Maximum Likelihood Estimators

With Maximum Likelihood Estimator (MLE) problems, a parametric distribution is named, one or more of it’s parameter values are unknown, a set of data from this distribution is given, and you’re asked to find the parameter values that maximize the probability of observing the data.  You do this by brute force.  For each data point, you express the probability of observing it, which is simply the density function of whatever named distribution was given in the problem.  The probability of observing the whole set of data is simply the product of the probability of each data point.  If there are lots of data points, you end up with a massive function.

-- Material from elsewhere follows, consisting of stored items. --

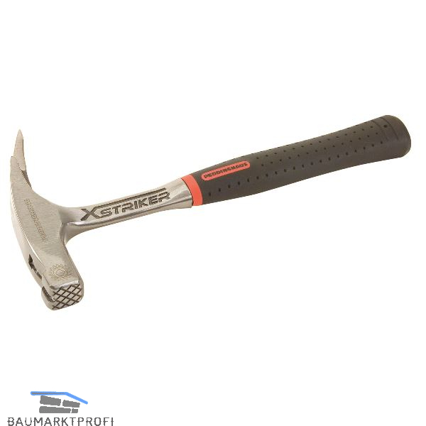 Durchgehend aus Stahl geschmiedet, mit magnetischem Nagelhalter, ganz poliert, mit Kunststoffgriff.
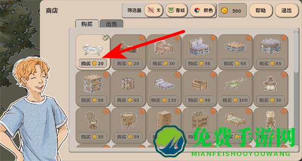 2、在商店界面,点击家具的购买按钮,消耗金币购买家具,用于装饰青蛙家园,提升家园美观度与功能性。
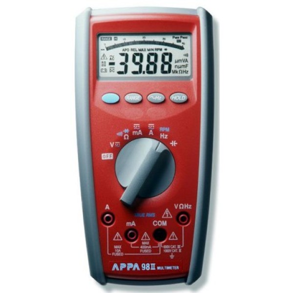 Мультиметры цифровые APPA 98II (APPA Technology Corporation): Краткие технические характеристики: Постоянное напряжение 400 мВ - 1000 В; Переменное напряжение 400 мВ - 750 В; Постоянный/переменный ток 40 мкА - 10 А; Сопротивление 400 Ом - 40 МОм; Частота 4 Гц - 40 МГц; Емкость 4 нФ - 40 мФ; Удержание показаний; Линейная шкала; Подсветка; Испытание p-n; Прозвон цепи; Частота вращения; Измерение среднеквадратичного значения сигнала произвольной формы True RMS.
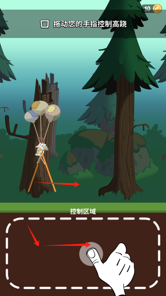 1、进入游戏,按住下方的控制区域滑动,山羊踩着高跷就会向前走。
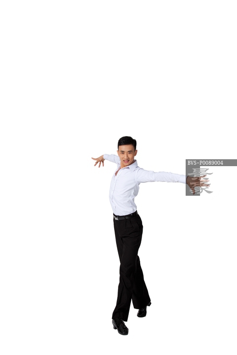 图片标题: 棚拍年轻男演员跳国标舞
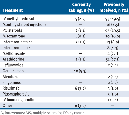 Medication infusion was the most common reason for hospitalization, reported in 16% of cases, followed by exacerbation of MS in 13.8% cases, and infection in 4.3% cases. Ocrelizumab (5.3%), steroids (3.8%), and rituximab (3.2%) were the most common treatments prescribed. Patients had been treated previously with oral and intravenous steroids, azathioprine, and mitoxantrone, as shown in TABLE 1.
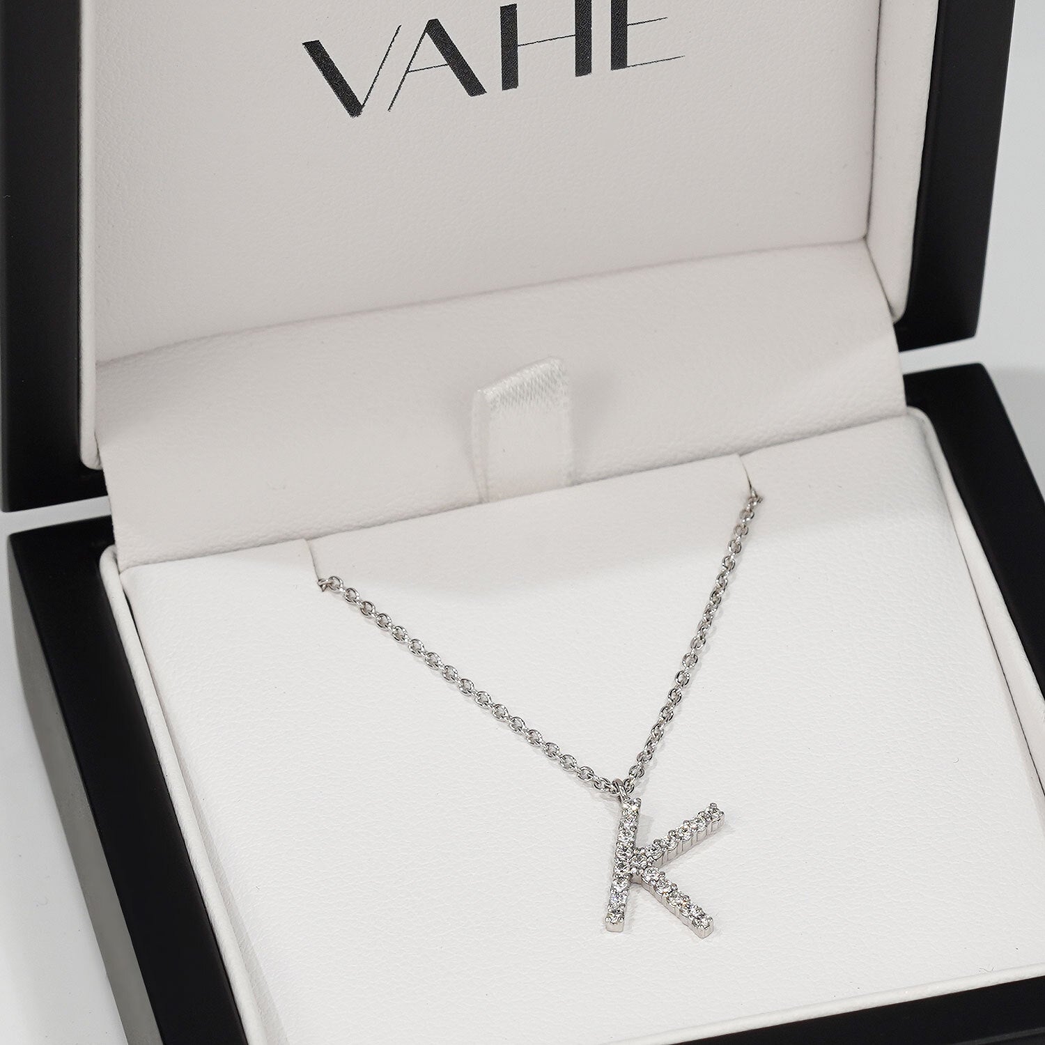A delicate "K" initial pendant set with 19 x G/VS round brilliant cut natural white diamonds with a tw. of 0.19ct. Handmade in 18ct white gold. The cable chain that holds the pendant in place is made from 9ct white gold.
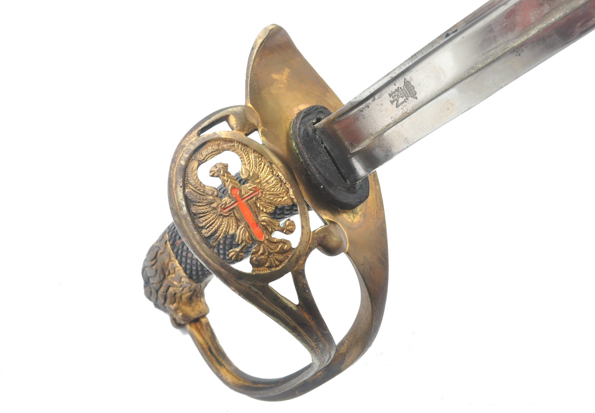Wappen mit gekröntem Adler und rot lackiertem Schwert auf der Brust
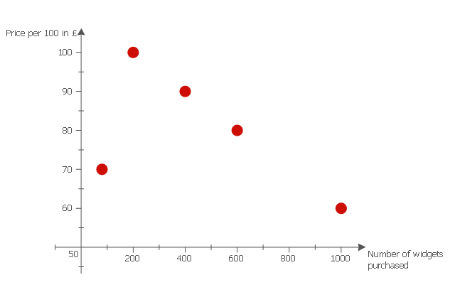 This scatter graph sample illustrates correlation between price per 100 widgets in pound sterling and number of widgets purchased. "Correlation. Correlation measures the strength of association between two variables. We will first consider the relationship between two scalar variables and then between ranked variables. Pearson correlation coefficient. Pearson's R indicates the strength and direction of association between two scalar variables, ranging from -1 which indicates a strong inverse relationship and 1 indicating a strong direct relationship. At 0 we say there is no correlation; it measures the linear dependence of one variable on another. Linear dependence means that one variable can be computed from the other by a linear equation ... An inverse correlation. In the following data we see that as the number of widgets rises, the price per 100 widgets falls. This is an inverse correlation and has a negative value for Pearson's R. ... For this data the correlation coefficient has a value of -1." [en.wikibooks.org/wiki/Statistics_Ground_Zero/Association] The scatter chart example "Widgets price" was created using the ConceptDraw PRO diagramming and vector drawing software extended with the Scatter Diagrams solution from the Graphs and Charts area of ConceptDraw Solution Park.
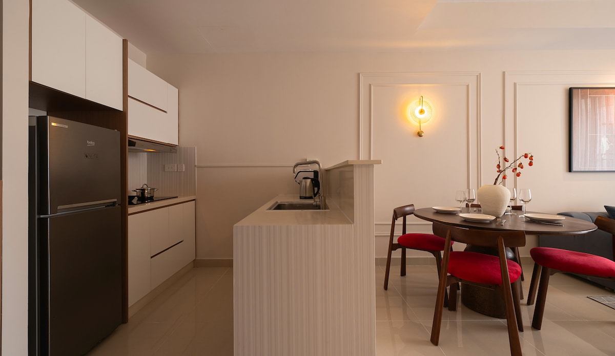 Trải nghiệm không gian sống hạng sang tại Duplex Penthouse mới xây, phong cách Wabi-Sabi độc bản. Tận hưởng tầm nhìn ôm trọn sông Sài Gòn, cầu Ba Son và Quận 1 từ cửa kính full-height, đặc biệt đẹp về đêm. • Vị trí kim cương: 5-10 phút đi bộ đến Công viên bờ sông & Metro Ba Son. • Nội thất xa xỉ: đàn Piano, Smart TV 86", đèn chùm lớn, bồn tắm thư giãn. • Không gian: 3 phòng ngủ, tràn ngập ánh sáng, lý tưởng cho 4-6 người.
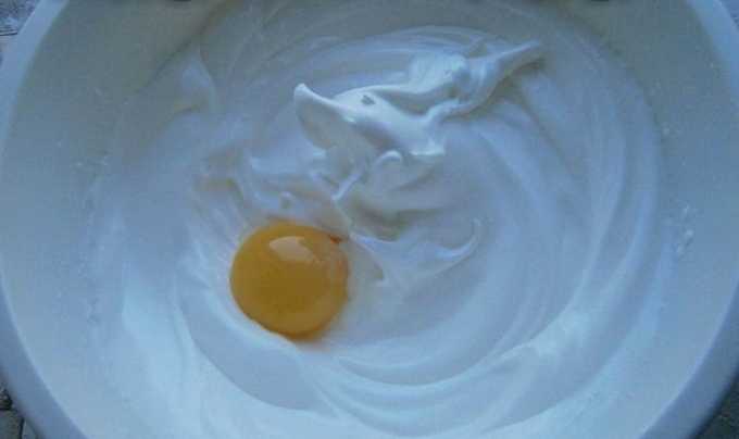 - Voeg vervolgens een dooier toe aan het eiwitschuim en blijf werken met een mixer. Na de introductie van de dooiers moet de massa nog steeds licht blijven, met een lichtbeige tint en weelderig.
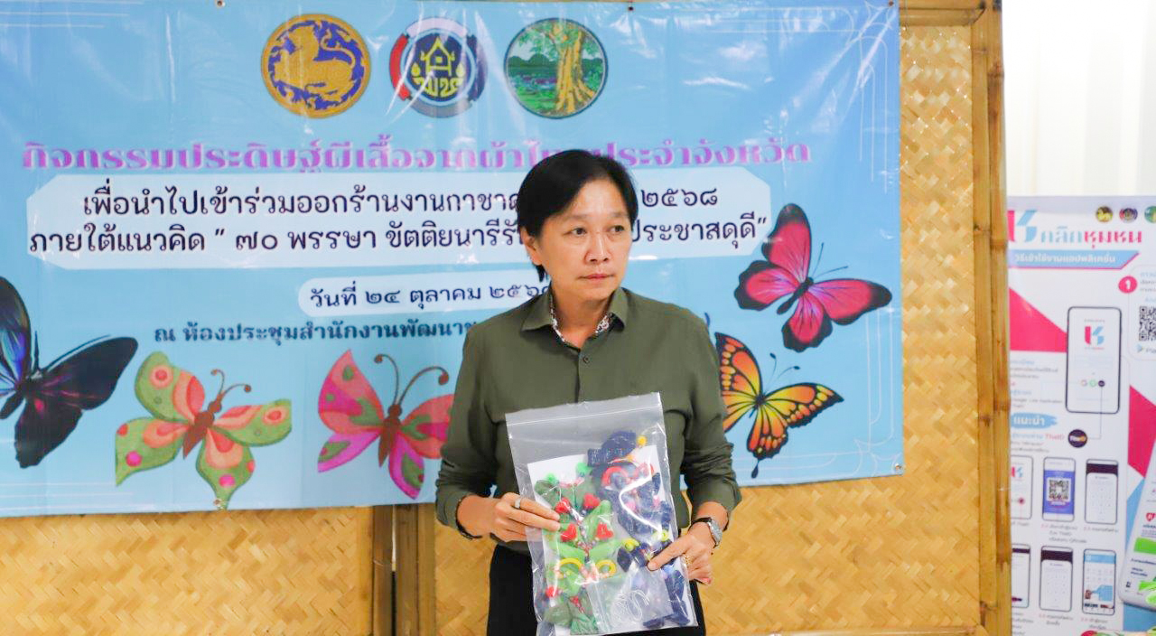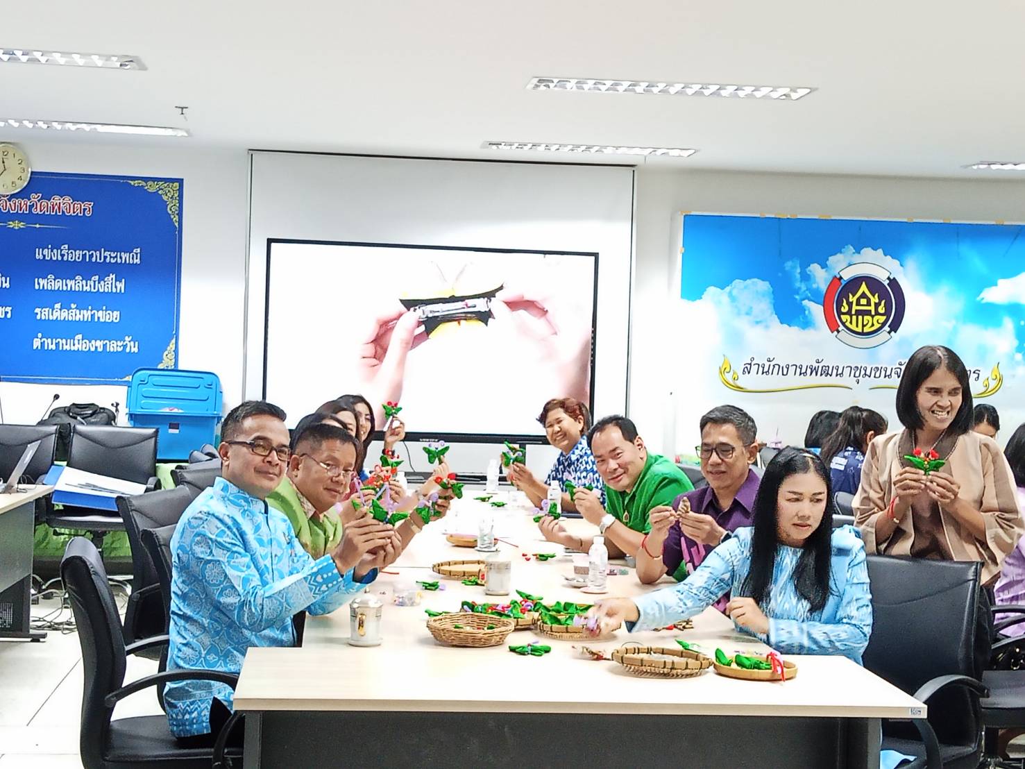 นายสมปอง หวังรุ่งวิชัยศรี อุตสาหกรรมจังหวัดพิจิตร เข้าร่วมกิจกรรมประดิษฐ์ผีเสื้อจากผ้าไทยประจำถิ่นของจังหวัดพิจิตร เพื่อนำไปร่วมออกร้านงานกาชาด ประจำปี 2568 ภายใต้แนวคิด “70 พรรษา ขัตติยนารีรัตนา ปวงประชาสดุดี”

For example, the density function for N is given by:

f_N(n;\lambda) = \lambda e^{-\lambda n}

in which \lambda is the unknown parameter.  You are also given a set of observations a, b, c and you must find the value of \lambda which maximizes the probability of seeing these particular values.  The likelihood of seeing these values is given by L(\lambda):

L(\lambda) = \left( \lambda e^{-\lambda a}\right)\left( \lambda e^{-\lambda b}\right)\left( \lambda e^{-\lambda c}\right) = \lambda^3 e^{-\lambda (a+b+c)}

To find \lambda which maximizes this function, you take the derivative of it, set it equal to 0, and solve for \lambda.  If you’re looking a few steps ahead, you should realize that doing the maximization by brute force will be difficult.  To get around this, we can log the likelihood function then find the maximum.  This does not change the resulting value of \lambda.  The log likelihood l(\lambda) is then:

l(\lambda) = 3\ln(\lambda) -\lambda(a+b+c)

The derivative with respect to \lambda is

\displaystyle \frac{\delta}{\delta \lambda}l(\lambda) = \frac{3}{\lambda} - (a+b+c)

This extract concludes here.